"""
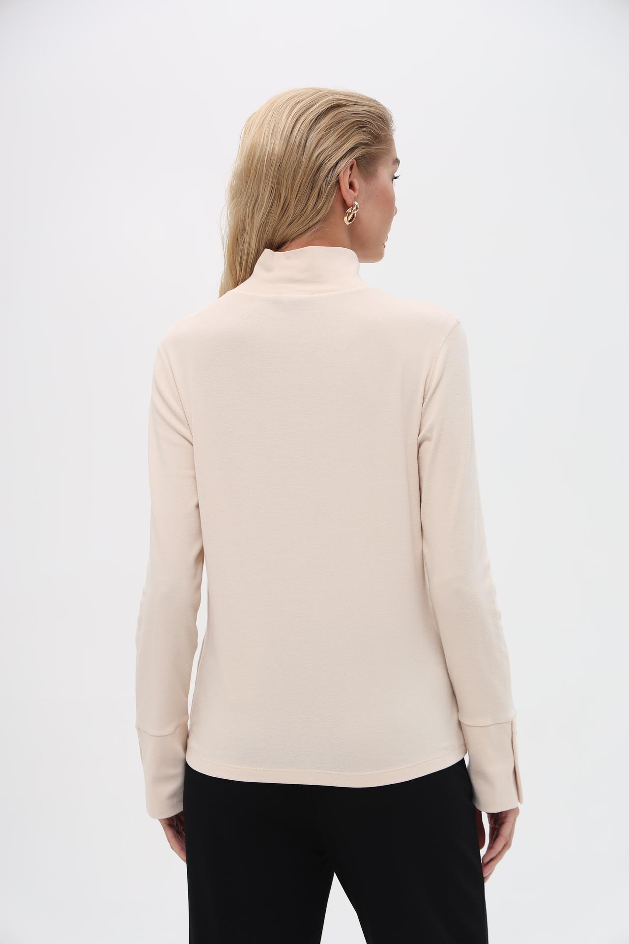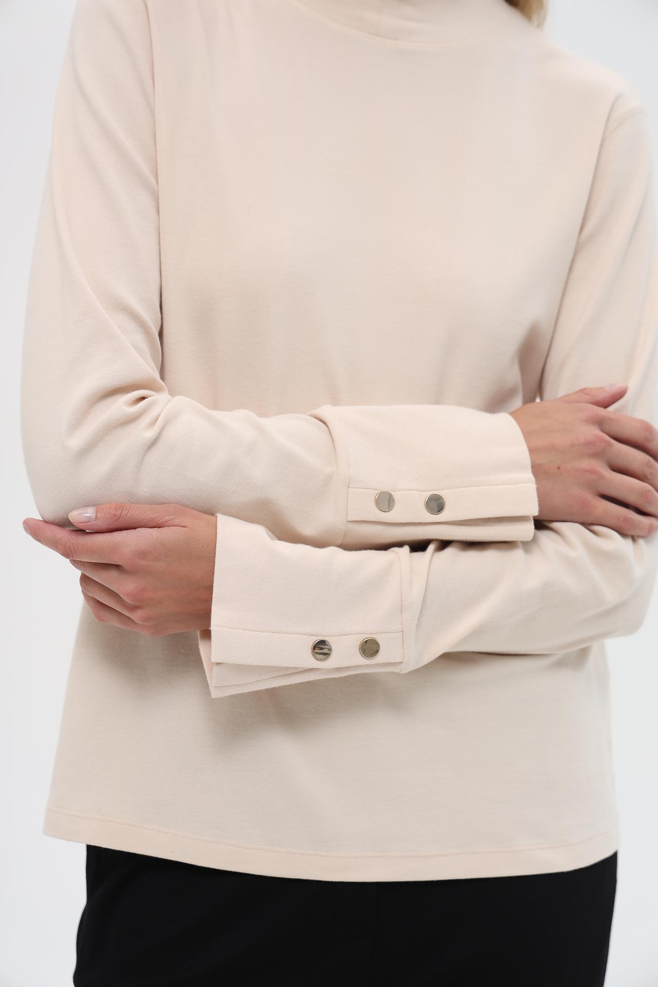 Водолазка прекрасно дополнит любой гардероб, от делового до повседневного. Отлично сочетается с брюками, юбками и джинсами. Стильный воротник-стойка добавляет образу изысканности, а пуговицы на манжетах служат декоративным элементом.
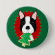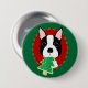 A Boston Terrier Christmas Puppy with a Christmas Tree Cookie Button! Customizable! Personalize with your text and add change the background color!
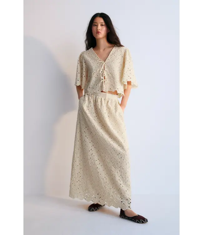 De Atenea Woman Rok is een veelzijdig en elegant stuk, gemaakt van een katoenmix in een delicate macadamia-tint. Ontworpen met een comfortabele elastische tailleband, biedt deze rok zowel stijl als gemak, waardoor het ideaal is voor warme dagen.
"""
**Task prompt**
Write the listing above out again exactly, dropping each image.

**Answer area**
 Водолазка прекрасно дополнит любой гардероб, от делового до повседневного. Отлично сочетается с брюками, юбками и джинсами. Стильный воротник-стойка добавляет образу изысканности, а пуговицы на манжетах служат декоративным элементом.
 A Boston Terrier Christmas Puppy with a Christmas Tree Cookie Button! Customizable! Personalize with your text and add change the background color!
 De Atenea Woman Rok is een veelzijdig en elegant stuk, gemaakt van een katoenmix in een delicate macadamia-tint. Ontworpen met een comfortabele elastische tailleband, biedt deze rok zowel stijl als gemak, waardoor het ideaal is voor warme dagen.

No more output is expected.